Druid realtime node is taking long time to merge and persist hourly segment

Hi we encountered a problem with druid 0.7.3 where segment merging and persist is taking a ridiculous long time, for example the following log for merging walk through the logs:

2015-09-03T18:31:00,452 INFO [clientmetrics_events_v1_prod-2015-09-03T06:00:00.000Z-persist-n-merge] io.druid.segment.IndexMerger - outDir[/mnt/storage/druid-tmp/realtime/basePersist/clientmetrics_events_v1_prod/2015-09-03T06:00:00.000Z_2015-09-03T07:00:00.000Z/merged/v8-tmp] walked 500,000/500,000 rows in 50,159 millis.

2015-09-03T18:31:37,959 INFO [clientmetrics_events_v1_prod-2015-09-03T06:00:00.000Z-persist-n-merge] io.druid.segment.IndexMerger - outDir[/mnt/storage/druid-tmp/realtime/basePersist/clientmetrics_events_v1_prod/2015-09-03T06:00:00.000Z_2015-09-03T07:00:00.000Z/merged/v8-tmp] completed walk through of 818,730 rows in 87,756 millis.

and also the logs for processing dimensions:

2015-09-03T18:32:40,946 INFO [clientmetrics_events_v1_prod-2015-09-03T06:00:00.000Z-persist-n-merge] io.druid.segment.IndexMerger - Starting dimension[content_id] with cardinality[21,943]

2015-09-03T18:34:38,628 INFO [clientmetrics_events_v1_prod-2015-09-03T06:00:00.000Z-persist-n-merge] io.druid.segment.IndexMerger - Completed dimension[content_id] in 117,682 millis.

2015-09-03T18:36:06,801 INFO [clientmetrics_events_v1_prod-2015-09-03T06:00:00.000Z-persist-n-merge] io.druid.segment.IndexMerger - Starting dimension[query_string_content_id] with cardinality[12,863]

2015-09-03T18:37:23,643 INFO [clientmetrics_events_v1_prod-2015-09-03T06:00:00.000Z-persist-n-merge] io.druid.segment.IndexMerger - Completed dimension[query_string_content_id] in 76,842 millis.

We checked the size of that hour’s file, it seems that the overall data size is not that large:

$ du -h --max-depth=0 /mnt/storage/druid-tmp/realtime/basePersist/clientmetrics_events_v1_prod/2015-09-03T06:00:00.000Z_2015-09-03T07:00:00.000Z/

103M /mnt/storage/druid-tmp/realtime/basePersist/clientmetrics_events_v1_prod/2015-09-03T06:00:00.000Z_2015-09-03T07:00:00.000Z/

We also checked the recommended config for production realtime nodes and I believe that we are following most of the recommendation.

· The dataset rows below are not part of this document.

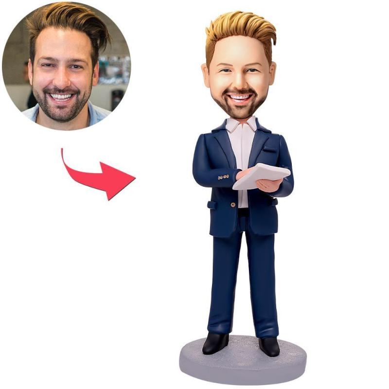 Figurine Personnalisée homme affaires, prendre notes avec texte gravé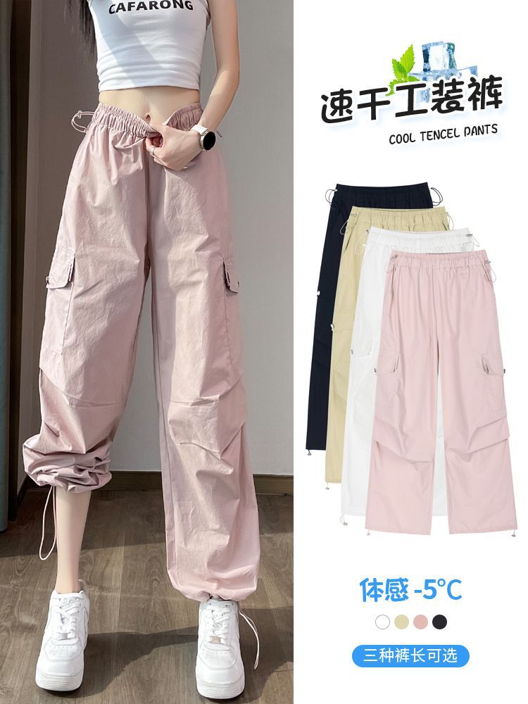 여성용 아메리칸 오버올 여름 얇은 2024 새로운 스타일 작은 속건성 캐주얼 와이드 레그 하이킹 스포츠 바지 여성용스토어 가기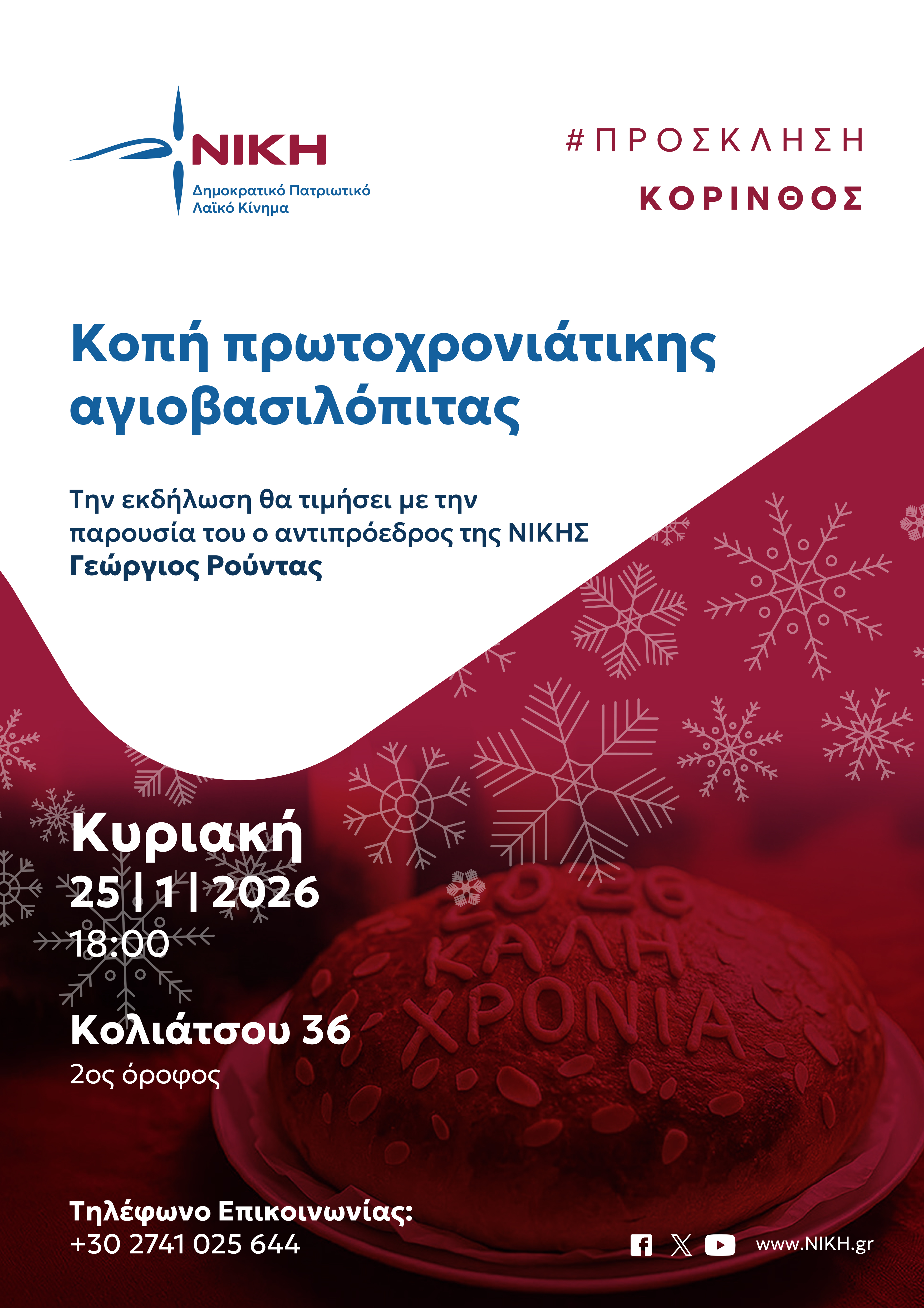 Θα θέλαμε να σας ενημερώσουμε ότι την Κυριακή 25 Ιανουαρίου στις 18.00 μ.μ. στο γραφείο του Δημοκρατικού Πατριωτικού Λαϊκού κινήματος ΝΙΚΗ στην Κόρινθο, οδός Κολιάτσου 36 (2ος όροφος), θα πραγματοποιηθεί εκδήλωση για την κοπή της αγιοβασιλόπιτας.

Our machines has 24 cores 128 GB memory, and our druid realtime node is started with -Xmx24G, druid.processing.buffer.sizeBytes=1000000000 and druid.processing.numThreads=23. It is also the only process running on the machine right now so no interference from other programs is a concern. Our data source use schema-less dimension spec and have around 10 metrics. The overall number of dimensions is around 200, I am not sure if that will cause any problem.

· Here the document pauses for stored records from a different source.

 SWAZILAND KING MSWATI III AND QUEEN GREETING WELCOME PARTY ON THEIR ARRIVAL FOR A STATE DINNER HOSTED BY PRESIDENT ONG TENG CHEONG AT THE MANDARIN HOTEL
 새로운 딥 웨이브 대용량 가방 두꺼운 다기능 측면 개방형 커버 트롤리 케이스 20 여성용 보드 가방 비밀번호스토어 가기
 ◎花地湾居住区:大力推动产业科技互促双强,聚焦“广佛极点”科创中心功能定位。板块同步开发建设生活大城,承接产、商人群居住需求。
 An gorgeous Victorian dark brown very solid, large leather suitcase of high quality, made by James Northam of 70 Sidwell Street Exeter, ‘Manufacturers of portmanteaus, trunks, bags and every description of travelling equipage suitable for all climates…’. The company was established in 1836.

Also we noticed that during the merge and persist, realtime nodes seems to be using 100% of a single core of CPU while leaving other cores idle a lot. I will appreciate if you have any suggestion on our problem.

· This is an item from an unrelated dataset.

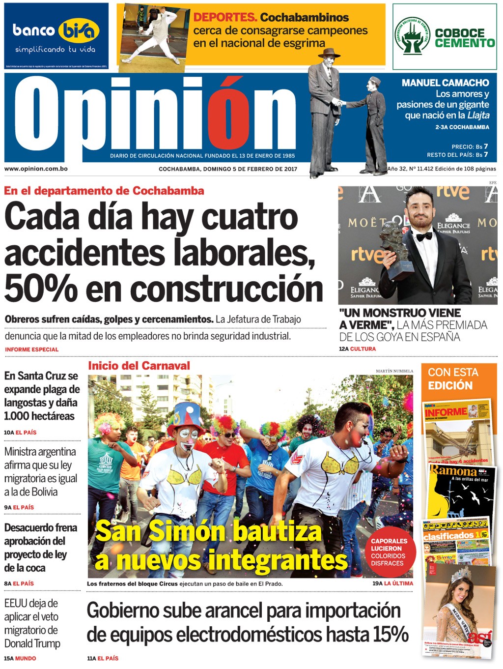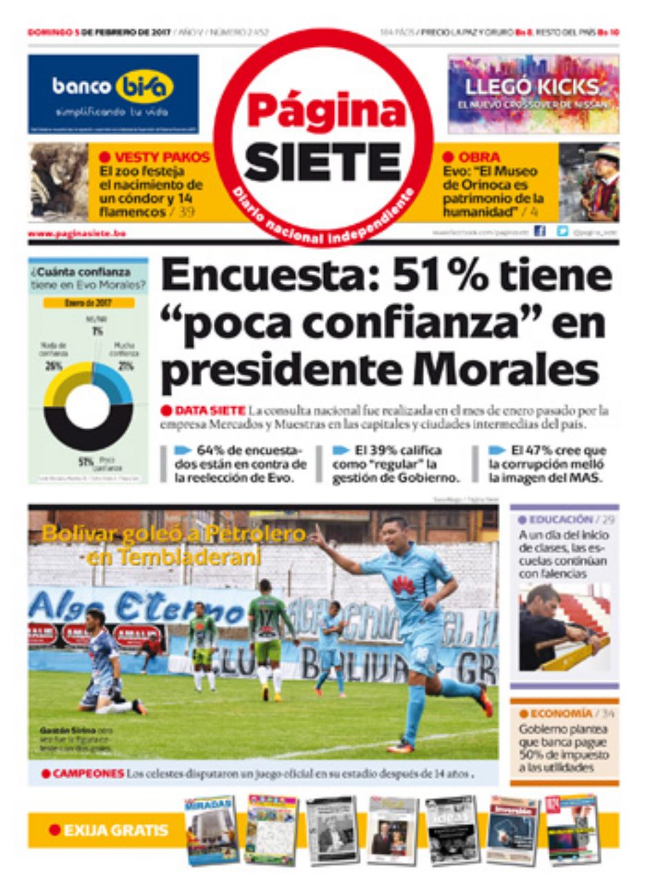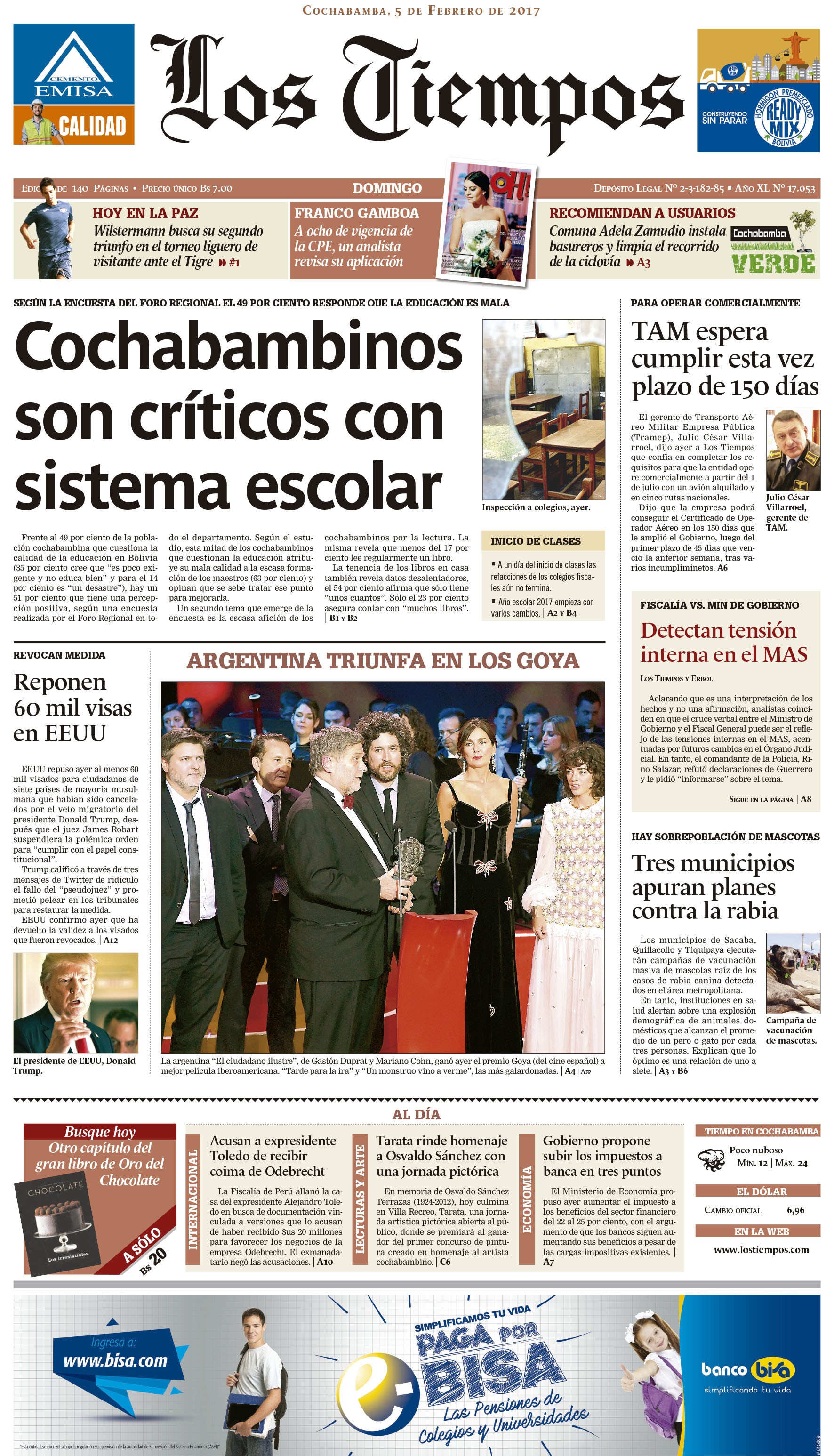 Portadas de periódicos de Bolivia del domingo 5 de febrero de 2017

Hey James, some things you could look at are:

  1. See how many intermediate persist files you’re getting per hour; if it’s a lot then that would make the final merge slower. You can reduce the number of intermediate persists by using a lower intermediatePersistPeriod and/or a higher maxRowsInMemory. For the latter, make sure you do have enough heap to accommodate the additional rows.

  2. It sounds like you have just one realtime shard running on your machine. Each shard uses just a single core for persisting and merging. You can parallelize this by having multiple shards running on the same machine, by having more than one entry in your specFile. Each one should have the same configuration with one difference: the partitionNum needs to be different on each shard (start at 0 and count upward).

  3. In general make sure you’re not blocking on disk i/o.

So we updated the maxRowsInMemory to a higher values for our topics and the number of intermediate files drop from 50-100 to 10-20. The performance for the new data is back to normal and it catches up with our data ingest rate. It seems that the merge process doesn’t like the large number of intermediate files in realtime nodes.